Reproducibility Index

Notice: The reproducibility variables underlying each score are classified using an automated LLM-based pipeline, validated against a manually labeled dataset. LLM-based classification introduces uncertainty and potential bias; scores should be interpreted as estimates. Full accuracy metrics and methodology are described in Coakley et alK. L. Coakley, T. Snelleman, H. Hoos, and O. E. Gundersen, "The embrace of open science: An analysis of a decade of AI research and 56 800 conference papers," Under Review, 2026..

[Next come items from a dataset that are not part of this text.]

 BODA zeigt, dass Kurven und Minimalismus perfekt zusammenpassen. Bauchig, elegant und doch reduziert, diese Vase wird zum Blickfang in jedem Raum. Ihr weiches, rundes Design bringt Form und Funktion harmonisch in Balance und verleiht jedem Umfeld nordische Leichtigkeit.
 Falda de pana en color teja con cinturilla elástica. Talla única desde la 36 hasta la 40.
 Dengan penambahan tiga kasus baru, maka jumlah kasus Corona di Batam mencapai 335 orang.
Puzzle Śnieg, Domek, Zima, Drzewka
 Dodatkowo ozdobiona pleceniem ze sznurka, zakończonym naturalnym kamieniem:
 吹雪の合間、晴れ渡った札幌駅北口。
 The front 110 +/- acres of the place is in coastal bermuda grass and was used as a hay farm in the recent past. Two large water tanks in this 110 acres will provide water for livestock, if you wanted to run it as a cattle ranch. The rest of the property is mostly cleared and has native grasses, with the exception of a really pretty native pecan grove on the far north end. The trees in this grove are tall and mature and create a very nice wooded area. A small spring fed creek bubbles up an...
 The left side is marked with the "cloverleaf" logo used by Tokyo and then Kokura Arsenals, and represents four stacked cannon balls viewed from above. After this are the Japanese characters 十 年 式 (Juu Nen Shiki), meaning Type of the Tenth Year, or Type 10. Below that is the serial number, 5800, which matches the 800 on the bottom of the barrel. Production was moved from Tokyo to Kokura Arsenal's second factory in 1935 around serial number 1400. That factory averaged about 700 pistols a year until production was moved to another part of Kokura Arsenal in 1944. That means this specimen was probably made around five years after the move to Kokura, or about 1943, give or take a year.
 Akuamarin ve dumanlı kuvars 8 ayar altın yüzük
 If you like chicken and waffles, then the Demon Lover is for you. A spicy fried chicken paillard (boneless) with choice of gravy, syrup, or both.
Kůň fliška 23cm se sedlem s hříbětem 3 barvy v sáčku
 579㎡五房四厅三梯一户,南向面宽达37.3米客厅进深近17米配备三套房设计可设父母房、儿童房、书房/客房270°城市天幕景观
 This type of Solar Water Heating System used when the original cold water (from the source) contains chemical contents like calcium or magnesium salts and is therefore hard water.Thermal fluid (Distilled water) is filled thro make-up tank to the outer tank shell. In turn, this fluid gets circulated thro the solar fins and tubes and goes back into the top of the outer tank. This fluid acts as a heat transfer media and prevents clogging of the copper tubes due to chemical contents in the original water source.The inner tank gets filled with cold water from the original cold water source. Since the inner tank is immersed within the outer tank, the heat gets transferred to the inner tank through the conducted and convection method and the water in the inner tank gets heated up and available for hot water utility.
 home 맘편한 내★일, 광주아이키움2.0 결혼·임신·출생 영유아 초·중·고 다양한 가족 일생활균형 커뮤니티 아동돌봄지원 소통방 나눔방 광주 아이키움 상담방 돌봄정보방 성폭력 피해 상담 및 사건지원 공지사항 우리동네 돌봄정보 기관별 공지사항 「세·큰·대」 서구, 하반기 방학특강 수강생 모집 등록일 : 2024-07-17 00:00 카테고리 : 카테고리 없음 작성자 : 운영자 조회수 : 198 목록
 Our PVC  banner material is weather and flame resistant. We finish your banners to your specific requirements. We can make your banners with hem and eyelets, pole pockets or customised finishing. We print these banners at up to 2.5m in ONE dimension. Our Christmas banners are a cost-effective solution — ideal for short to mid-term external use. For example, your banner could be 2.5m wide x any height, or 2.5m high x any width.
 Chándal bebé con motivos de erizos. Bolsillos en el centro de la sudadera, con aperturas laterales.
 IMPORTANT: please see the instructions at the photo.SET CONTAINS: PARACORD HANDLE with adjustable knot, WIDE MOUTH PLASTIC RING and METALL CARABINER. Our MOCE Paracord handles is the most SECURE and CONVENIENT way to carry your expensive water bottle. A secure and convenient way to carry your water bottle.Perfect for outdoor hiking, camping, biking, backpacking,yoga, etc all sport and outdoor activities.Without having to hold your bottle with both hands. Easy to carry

Coresets for Clustering with Missing Values

Authors: Vladimir Braverman, Shaofeng Jiang, Robert Krauthgamer, Xuan Wu

NeurIPS 2021 | Venue PDF | LLM Run Details

Reproducibility Variable	Result	LLM Response
Research Type	Experimental	We implement our algorithm and validate its performance on various real data sets. Our coreset exhibits a ﬂexible tradeoff between coreset size and accuracy, and generally outperforms the uniformsampling baseline. Furthermore, it signiﬁcantly speeds up a Lloyd s-style heuristic for k-MEANS with missing values. [...] We implement our proposed coreset construction algorithm, and we evaluate its performance on real and synthetic datasets. [...] We run our experiments on three real datasets and one synthetic dataset.
Researcher Affiliation	Academia	Vladimir Braverman Johns Hopkins University EMAIL Shaofeng H.-C. Jiang Peking University EMAIL Robert Krauthgamer Weizmann Institute of Science EMAIL Xuan Wu Johns Hopkins University EMAIL
Pseudocode	No	The paper describes algorithmic concepts like importance sampling and Gonzalez's algorithm but does not present them in structured pseudocode or algorithm blocks.
Open Source Code	No	The paper does not provide any links to source code or explicit statements about its public release. It states "We implement our algorithm" but does not offer access to the code.
Open Datasets	Yes	Russian housing [Rus17] is a dataset on Russian house market. [...] KDDCup 2009 [KDD09] is a dataset on customer relationship prediction. [...] Vertical farming [Sam21] is a dataset about cubes which are used for advanced vertical farming.
Dataset Splits	No	We use a randomly selected collection of centers C that consists of 100 randomly generated k-subset C Rd. Since both the evaluation method and the algorithm has randomness, we run the experiment for T = 103 times with independent random bits and report the average empirical error to make it stable.
Hardware Specification	Yes	We implement the algorithms using C++ 11, on a laptop with Intel i5-8350U CPU and 8GB RAM.
Software Dependencies	No	We implement the algorithms using C++ 11. (While C++11 is a specific language version, the paper does not list other software dependencies or libraries with version numbers, nor does it name a self-contained solver/package with a specific version number.)
Experiment Setup	Yes	In our experiments, we follow a standard practice of ﬁxing coreset size in each experiment. [...] For a ﬁxed size coreset, the family size \|I\| is a parameter that needs to be optimized. [...] The experiments are run on the Russian housing data set where the number of iterations of the modiﬁed Lloyd s is set to T = 5000 and the number of clusters is set to a small value k = 3 so as the heuristic is likely to ﬁnd a local minimum faster.